Swing-type excavation machines, for example hydraulic excavators and front shovels, require significant hydraulic pressure and flow to transfer material from a dig location to a dump location. These machines direct the high-pressure fluid from an engine-driven pump through a swing motor to accelerate a work tool at the start of each swing, and then restrict the flow of fluid exiting the motor at the end of each swing to slow and stop the work tool.
The restriction placed on the flow of fluid exiting the motor at the end of each swing has historically be generated by one or more pressure relief valves. In particular, the high pressures produced during swing deceleration are typically forced through pressure relief valves to a low pressure tank, the pressure relief valves restricting the flow of fluid to a desired degree. As pressures within the system are reduced by the draining fluid, the pressure relief valves would close by greater amounts thereby increasing the restriction on the fluid until the swinging motion eventually stopped altogether.

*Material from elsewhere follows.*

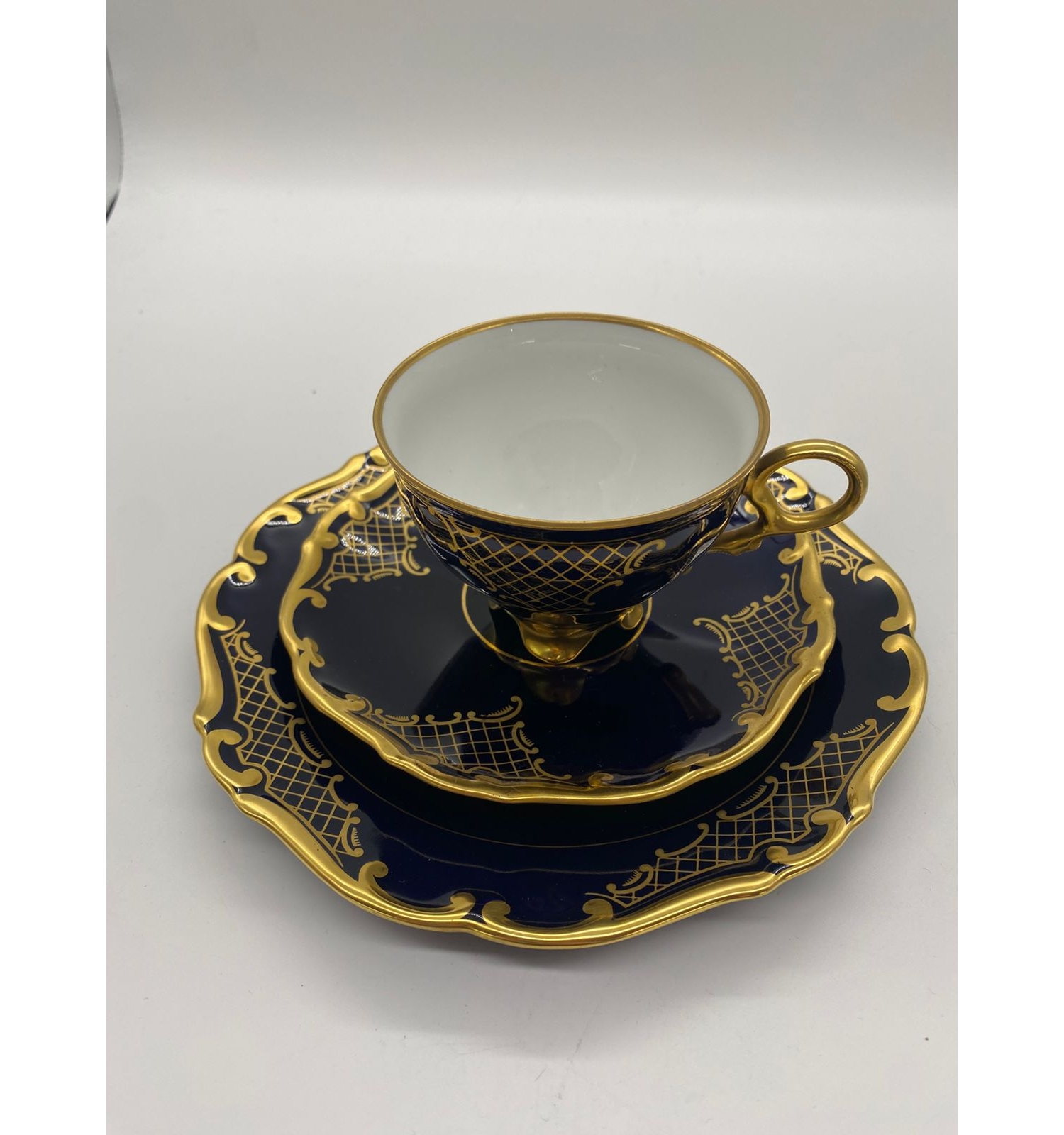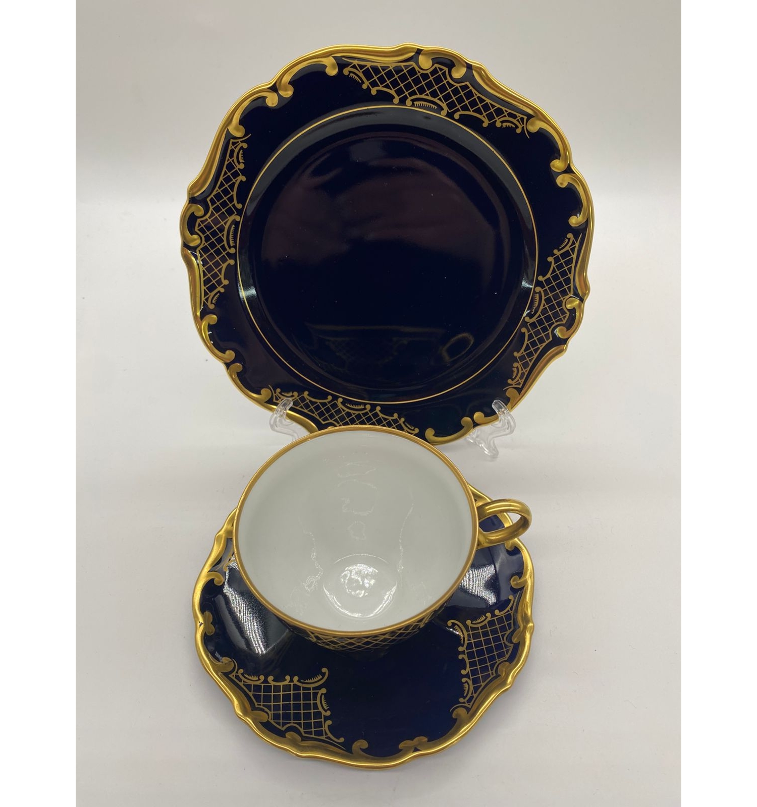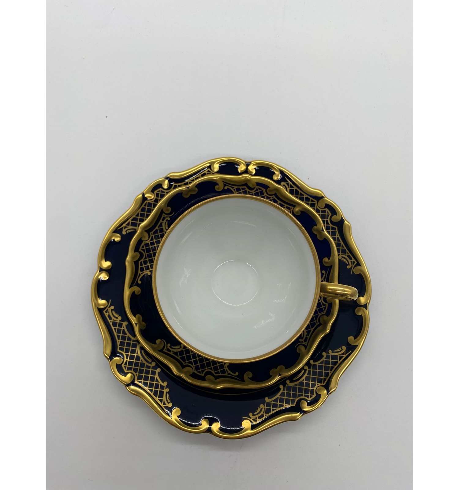 Все элементы набора выполнены из высококачественного фарфора, который отличается своей белизной и тонкостью. На чашке, блюдце и тарелке можно увидеть изящную кобальтовую роспись, выполненную с высочайшим мастерством и вниманием к деталям. Узоры, нанесенные кобальтом, придают изделию изысканность и утонченность. Элементы позолоты, нанесенные на определенные части набора, добавляют роскоши и подчеркивают внимание к деталям.

Unfortunately, in most situations, pressure settings of the pressure relief valves cause the valves to close completely before the swinging motion of the work tool is completely stopped. This premature closing allows residual fluid left in the circuit to be pressurized by the final swinging movement. And because this fluid has a pressure just less than the pressure required to open the pressure relief valves, the fluid would not be relieved to the tank. Instead, the trapped fluid would act as a compressed spring. After the swinging motion in the first direction stops, the spring decompresses (i.e., the pressurized fluid expands back against the motor) and functions to accelerate the work tool in an opposing direction. Fluid is again trapped during this return swing, and it functions as another spring to push the work tool back in the first direction. In some situations, this operation continues multiple times, bouncing the work tool back and forth, until the energy is finally dissipated in the form of heat.
One attempt to reduce the oscillation when a hydraulically driven member of a machine is decelerating, stopping, or reversing directions, is disclosed in U.S. Pat. No. 7,296,404 of Joseph Pfaff that issued on Nov. 20, 2007 (the '404 patent). The '404 patent provides a method that controls deceleration of the hydraulically driven member. A variable filter function is configured to control the rate at which a motion command goes to zero to stop the machine member so that the command does not close a related valve providing fluid to the member faster than the machine member can respond without oscillation.
Although the system of the '404 patent may help to reduce the amount of oscillation of a hydraulically driven member that is stopping, it may be less than optimal. In particular, the '404 patent does not distinguish between situations where normal swinging movements of the member create large enough pressure differentials to trigger relief valves, and situations where operator input indicates a neutral position where pressure differentials may not be sufficient to trigger standard relief valves.
The disclosed hydraulic control system is directed to overcoming one or more of the problems set forth above and/or other problems of the prior art.